By Umair Jamal
Last week, an Islamic State (IS) flag was seen hoisted above one of Islamabad’s main highways. The flag, which sprung the capital’s law enforcement agencies into action, bore the message “The caliphate is coming.” While the capital police have not been able been able to find the people behind the incident, the hoisting of the flag in Pakistan’s capital offers a chilling reminder that support for militant groups such as IS is growing in Pakistan.
The government in Pakistan has said that the hoisting of the militant group’s flag doesn’t mean that the IS threat is serious in Pakistan. While the group’s presence in the country may not have emerged in the form of an active resistance, the militant group’s “passive support” base has grown exponentially over the last few years.
Pakistan launched a major counterterrorism campaign more than two years ago to contain militancy in the country. One of the core aspects of Pakistan’s recent counterterrorism campaign was to revise the country’s public education curriculum, which has been filled with religiously inspired nationalistic rhetoric, and to regulate religious seminaries all across Pakistan, which continue to radicalize young minds. Unfortunately, beyond making tactical gains related to killing militants that are targeting the state, the country’s counterterrorism campaign has not achieved anything.

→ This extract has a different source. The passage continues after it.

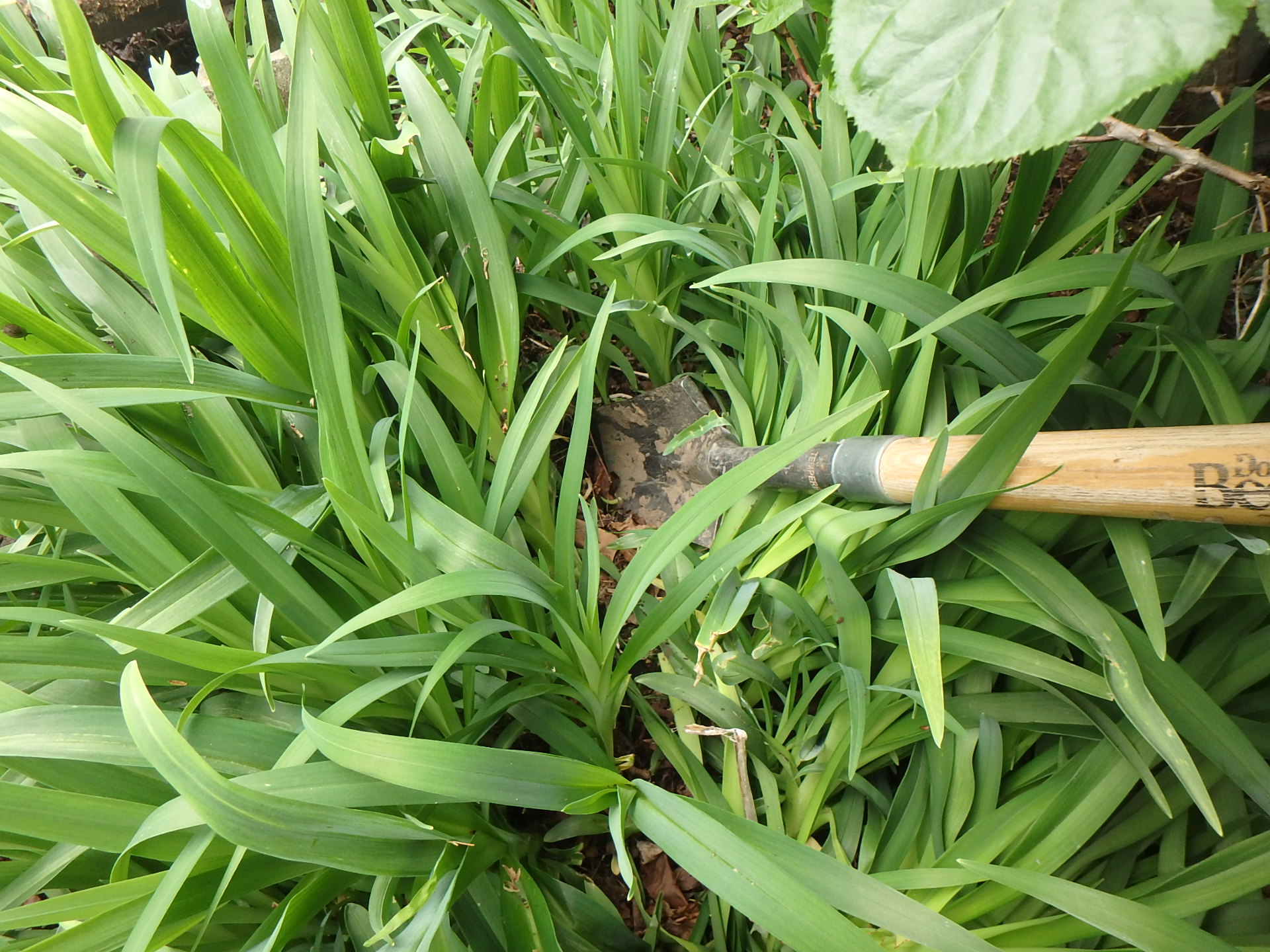 You can cut out a section of a large hosta or daylily by cutting out a wedge with a spade or even a long knife. I sometimes use a serrated root knife I got from Lee Valley Tools. Tracy DiSabato-Aust prefers a non-serrated knife, so I guess either will work just fine. Get down on your hands and knees and try to see natural division points before you cut.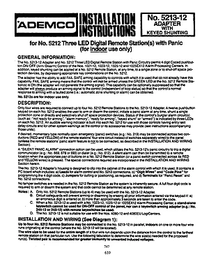 Installation Manual for the Ademco 5213-12 and 5212. Document No: 5213-12. Models 5213-12 and 5212. Mounting instructions, wiring diagrams, and system power-up procedures.

There were only 137 religious seminaries in Pakistan at the time of the partition. Now, the government claims that there are more than 13.000 registered religious seminaries in Pakistan. The number of unregistered religious seminaries, which are not accounted for, remains significant. A large number of unregulated religious seminaries continue to flourish in Pakistan, particularly in places and regions that are away from the government’s scrutiny such as the slums of major cities and remote regions in the country’s tribal belt.
The country’s federal capital, Islamabad, houses more religious seminaries than schools. According to a recent research report, the number of religious schools in the capital now stands at 374 and a majority of these seminaries are not registered with the government or capital authorities. Moreover, more religious schools are being built on the outskirts of Islamabad while the federal government has not been able to open any new schools in the last four years.
The Lal Masjid (Red Mosque), a controversial religious seminary in Islamabad, continues to operate even after openly supporting the Islamic State and their version of Islam, which the mosque’s leadership wants to implement in Pakistan. A recently released documentary, Among the Believers, offers an eye-opening insight into how young Pakistani minds are radicalized and brainwashed behind the walls of Lal Masjid. Lal Masjid and hundreds of other religious seminaries in Pakistan are actually operating to create a popular support base for militant groups such as the Islamic State among the masses.
Just over a week ago, representatives of two proscribed militant organizations were not only able to participate in a major by-election in Punjab, but they managed to secure more than 11 percent of the constituency’s vote. One of the candidate’s campaign posters had the pictures of Mumtaz Qadri, who assassinated the Governor of Punjab province Salman Taseer. The other candidate who was supported by the Jamaat-ul-Dawa(JuD), a proscribed organization that remains banned in Pakistan, openly campaigned on the agenda of transforming Pakistan into an conservative Islamic state with jihadism as a central theme of the candidate’s imaginative ideas of democracy.
For 70 years, the ruling elite of Pakistan have accommodated religious fundamentalist demands in the country to either to safeguard their political interests or to keep the existing political power structure intact to sustain their rule. Now, in Pakistan, the credibility and legitimacy of politicians and bureaucrats is measured on the basis of their religious bona fides rather than the kinds of policies they hope to implement.
The rates of terrorist violence may have decreased in Pakistan in the last couple of years, but the country still continues to provide an environment that enables militancy. In such an environment, it’s only a matter of time before the Islamic State develops a popular support base in the country. Last week’s flag unfurling may ultimately be a warning worth taking seriously.